Uh and the only reason I knew quickly that it was May 17th was Saturday, May 16th was the is the 2-year anniversary of my first uh divorce meeting with our lawyers.
Yeah.
It's all good. It's all good. Uh two It's almost been 2 years and the only thing I'm going to say is after a very, very long time, it was the best decision I ever made.
That's all of it there is about that.
Last week, I finished one book. Now, if anybody from my book group is watching and you don't want to get spoiled as to how I feel about this book, then please fast forward or watch another video.

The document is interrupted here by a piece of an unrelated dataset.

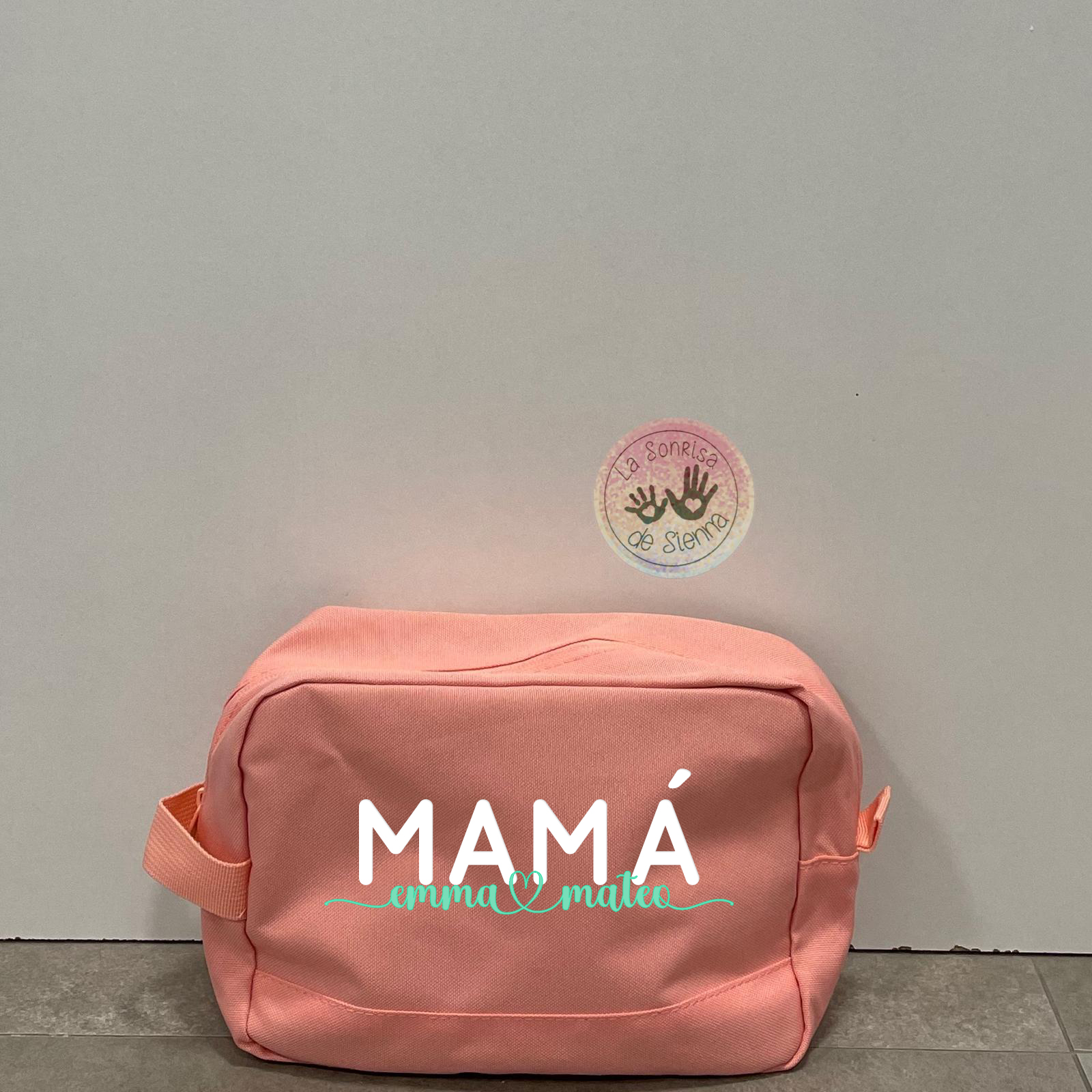 Neceser rosa coral personalizado con MAMÁ (en color blanco) y el nombre o nombres de tus peques.

Yeah Last week, I finished Yesterday's by Carol Clare Burke.
I believe yes, Carol Clare Burke.
Um I am going to give you one word and I'm going to expand on that. My one word review is no.
Just no. No.
Um this book is a buzz in the book world right now. It's already been picked up by Anne Hathaway for a movie. I think it's a movie.
The book had barely come out and she had picked it up allegedly.
And it's it's the world is all a buzz um all a flutter about this book. So, what is Yesterday's about? It is about a um kind of a family influencer on Instagram, um, a a tradwife influencer. And tradwife is the big trendy term going out in the media right now, out in our culture. And this woman is a tradwife influencer.
Um, I'm going to be honest. In the first 50 or so pages of the book, I was invested.
It it it captured my attention from the very beginning. And um, this woman, Natalie, is a tradwife influencer. And from the very beginning of the book, we see her kind of filming her life, filming her family.
Uh, she and her husband live on a ranch with a crap ton of land in Idaho. I think it's in Idaho. And they have like seven or eight kids.
Um, they're kind of like homesteading.
So, everything is made from scratch.
There's no electronics.
Uh, they have animals on this farm and they do farmers' markets and organic foods and and all of the all of the trendy, all of the stereotypical tradwife stuff that, if you don't know what tradwife means, please go and look on online. Uh, but it basically means traditional wife homemaking, that type of thing. Um, many many tradwives that are in our current culture are fundamentalist Christian people.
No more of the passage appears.